Kubernetes Operator Pattern in 2026: Building Production-Grade Controllers



The Kubernetes operator pattern has become the standard way to encode operational knowledge into code. What started as a way to manage stateful applications like databases has expanded to cover everything from certificate management to ML model deployments. In 2026, operators are so pervasive that most platform teams build at least one custom operator. Here’s how to build them well.

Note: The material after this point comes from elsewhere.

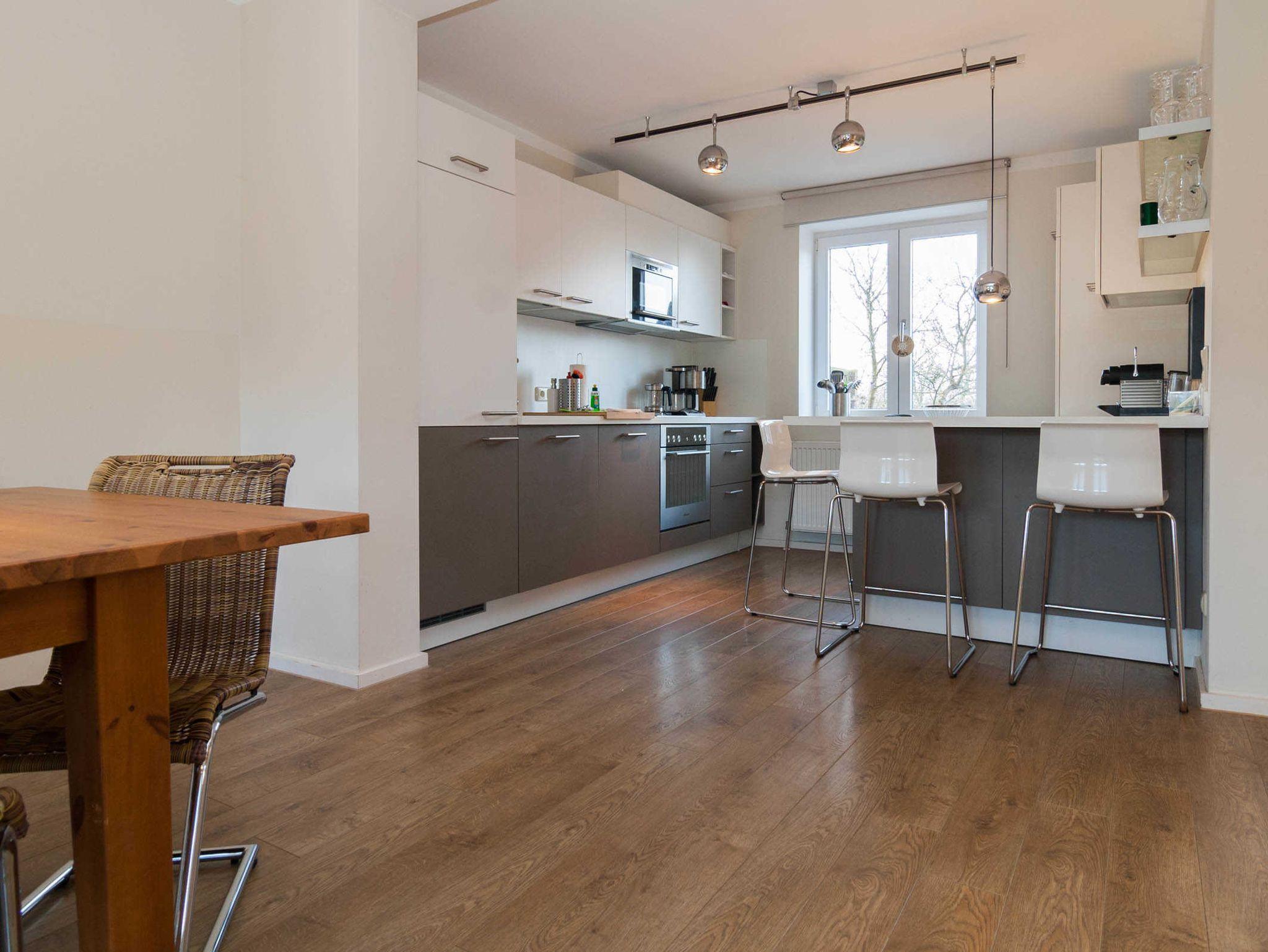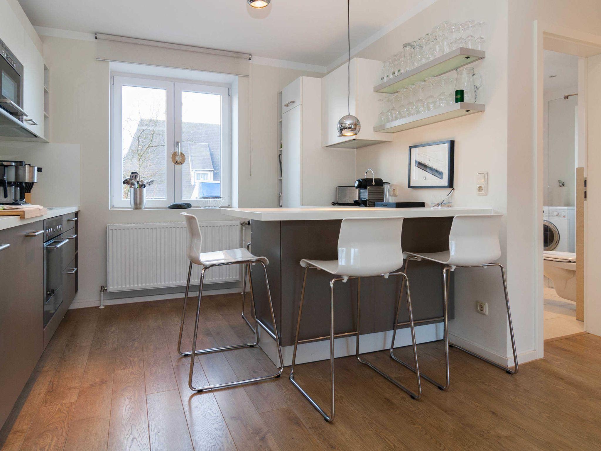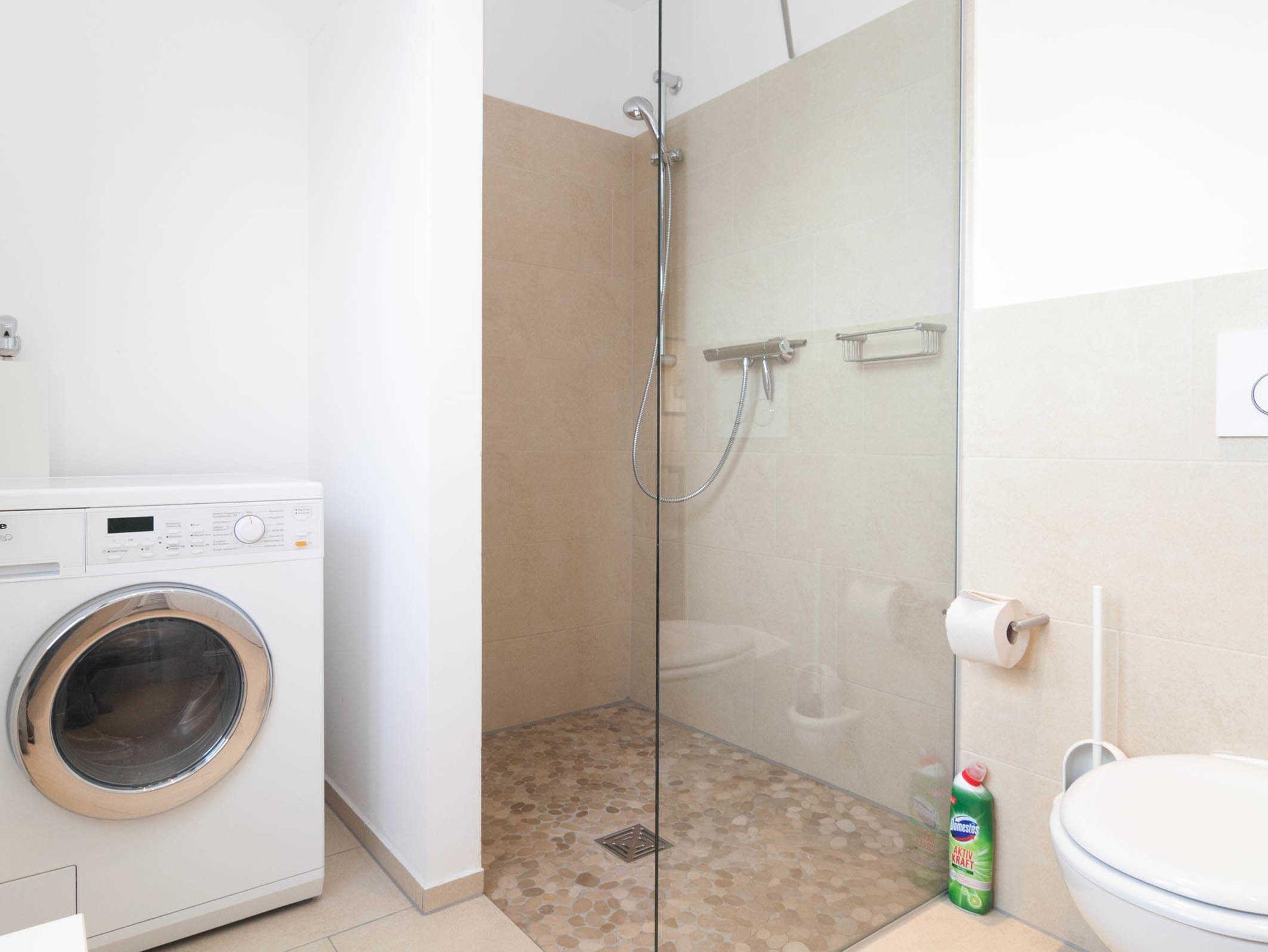 Das Haus bietet im Erdgeschoss eine moderne offene Küche mit Essbereich und Wohnbereich. Von hier aus kommen Sie in den Gartenbereich. Ein modernes Duschbad mit eigener Waschmaschine befindet sich ebenfalls im Erdgeschoss.

Kubernetes containers Photo by Growtika on Unsplash

What Is a Kubernetes Operator?

An operator is a combination of a Custom Resource Definition (CRD) and a controller:

  • CRD: Extends the Kubernetes API with your custom resource types
  • Controller: Watches those resources and reconciles actual state with desired state

The reconciliation loop is the heart of any operator:

Observe desired state (from CRD spec)
    ↓
Observe actual state (from cluster, external APIs)
    ↓
Compute diff
    ↓
Apply changes to make actual = desired
    ↓
Update status subresource
    ↓
Return (re-queue if needed)

This loop runs continuously. Operators don’t use webhooks or event-driven pushes — they periodically reconcile, which makes them resilient to missed events.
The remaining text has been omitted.